Chula Vista’s location adds federal surveillance to the mix. The city is just seven miles from the Mexico border, which opens it up to a network of monitoring by the nation’s largest law enforcement agency — the U.S. Customs and Border Protection.

The agency’s high-tech cache includes powerful drones, automated license plate scanners (ALPRs), facial recognition technology and surveillance towers with cameras, radars and infrared sensors, and surveillance blimps, according to the General Accounting Office and the nonprofit digital rights organization the Electronic Frontier Foundation.

Advertisement

”Border residents may never know that their information is being collected, but essentially, the government is able to put together a map of people's movements, either through incident times in which they're crossing the border itself, but also traveling through border communities,” said Shaw Drake, who serves as policy counsel for the ACLU’s Border Rights Center. “And so really, towns like Chula Vista, across the border, are subjected to more surveillance technology than anywhere else in the country.”

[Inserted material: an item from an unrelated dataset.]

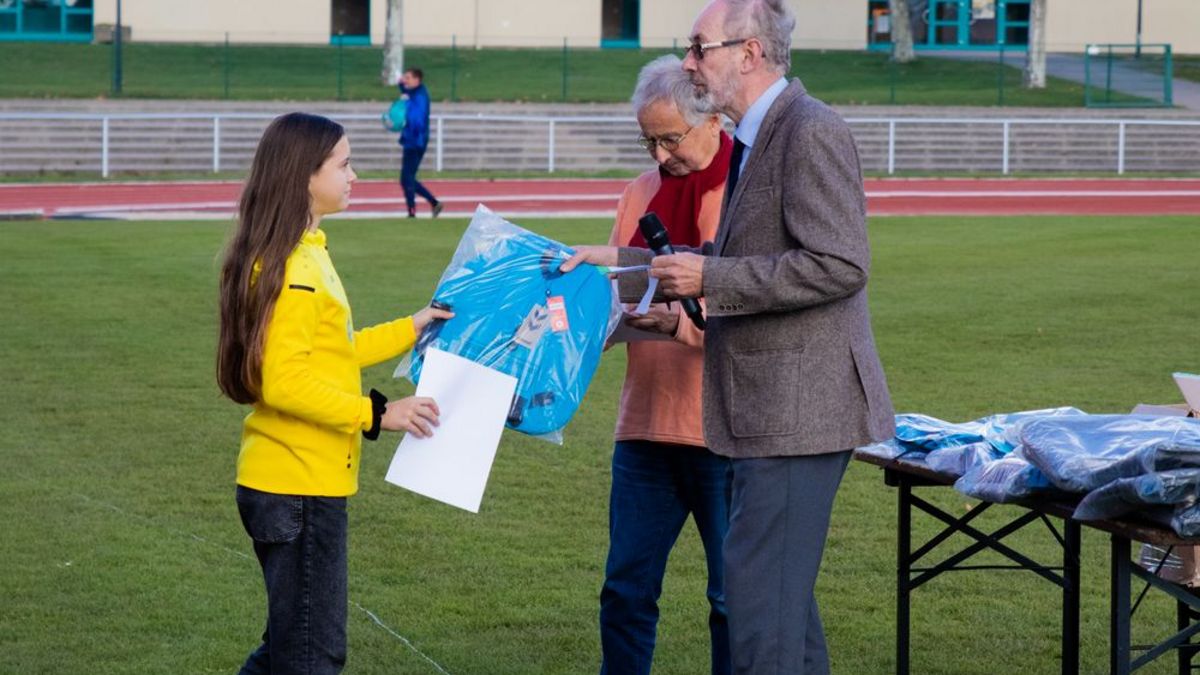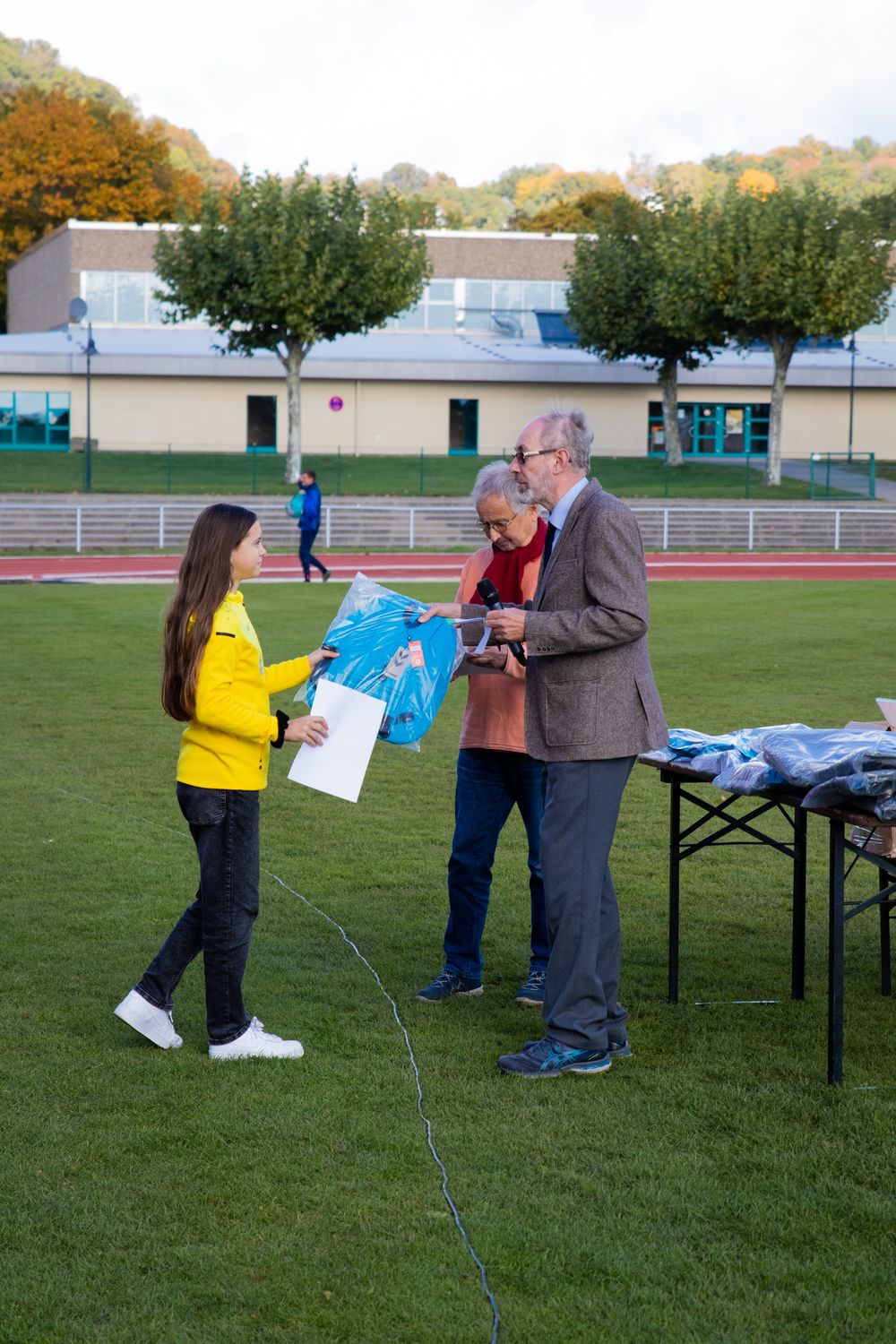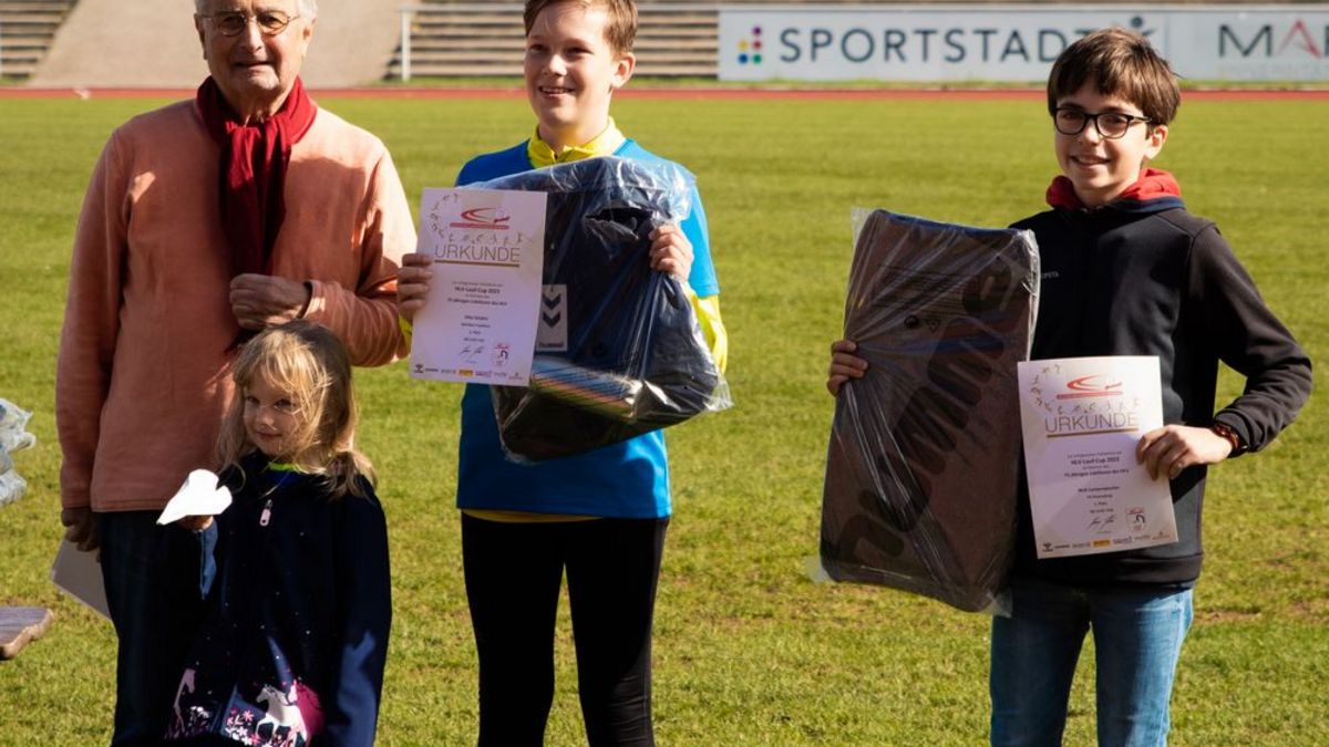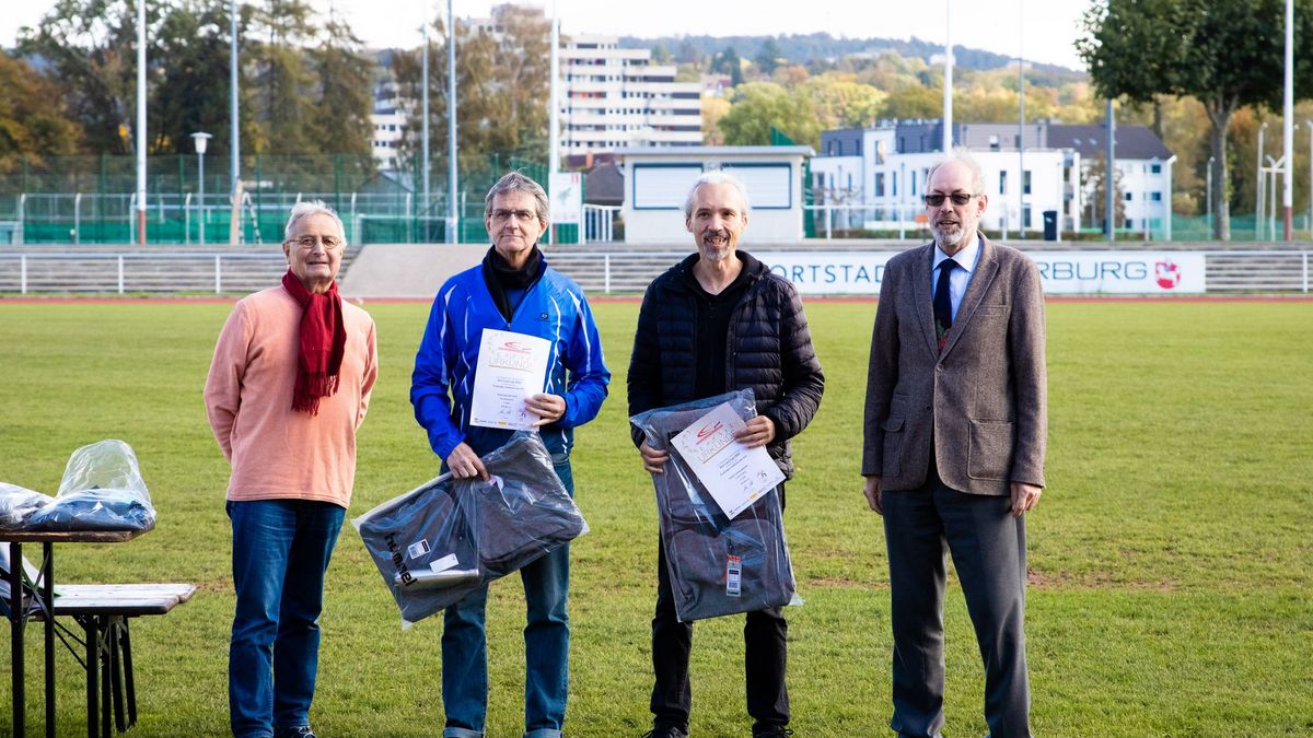 Zusammen mit dem Vizepräsidenten Kreise, Erich Schneider, ehrte er die drei Erstplatzierten in den Wertungen WK U10/12, W U14/16, W U18 u. ä. sowie MK U10/12, M U14/16 und M U18 u. ä.. Dabei wurde deutlich, dass offenbar nicht jeder den kurzfristig bekanntgegebenen Termin wahrnehmen konnte. In der WK U10/12 waren die beiden Erstplatzierten (jeweils 10 km), Lenja Lenz, LG Gensungen, und Nina Dedecke, TSV Heiligenrode, anwesend und durften jeweils einen Rucksack des Sponsors Hummel entgegennehmen. Ninas Brüder Jan und Paul kamen auf die Plätze 1 und 2 der MK U10/12 und holten sich ebenfalls ihre Preise ab. Erfreulich aus Veranstaltersicht war hier, dass auch der Drittplatzierte Felix Liese von Winnies Laufvögel Vellmar von der Tribüne auf die Rasenfläche kam. In der W U14/16 vertrat die Drittplatzierte Tabea Siebert die Farben des FTSV Heckershausen und freute sich über ihren Preis. Als Sieger der M U14/16 wurde Nick Lampropoulos, TV Petersberg, auf den Rasen des Stadions gebeten. Während leider keine der ersten drei Frauen anwesend war, nahmen die Männer auf den Plätzen 1 und 3, Klaus von der Grün von der TG Schwanheim für 210 absolvierte Kilometer und Pavlos Lampropoulos, ebenfalls TV Petersberg, für 200 zurückgelegte Kilometer ihre erlaufenen Präsente in Empfang.

And there’s the Chula Vista Police Department’s own technological capacity, which has unsettled some locals.

They worry the agency’s signature drone program and automated license plate readers indiscriminately collect data on the innocent, disproportionately affect people of color and breach core American values. They want more scrutiny and oversight.

“We should have an expectation of privacy,” said Pedro Rios, director of the American Friends Service Committee’s U.S.-Mexico Border Program. “We should have an expectation that the police aren’t surveilling us with this type of enforcement technology when there isn't a reason to do so.”

Chula Vista city officials blame some of the criticism on a small group of “overly woke” residents and reiterate they themselves are well aware of the perils of embracing technology for technology’s sake.

“We don't just buy a shiny object to have it,” said Chula Vista Mayor Mary Salas. “Everything that we adopt is for a purpose. And it's been thoroughly vetted.”

Salas said the technology is meant to serve residents, not spy on them. And she is promising more oversight in the new year.

Drones as first responders

The Chula Vista Police Department deploys nine drones as first responders at a cost of about $1 million a year. Police live stream the drones’ scans for hazards at scenes for all kinds of 911 calls — murders, assaults, traffic accidents, missing people, trespassers, fires and natural disasters — before officers arrive. Police contend drones reduce response times, offer crucial details, help them make better decisions and diffuse tense situations.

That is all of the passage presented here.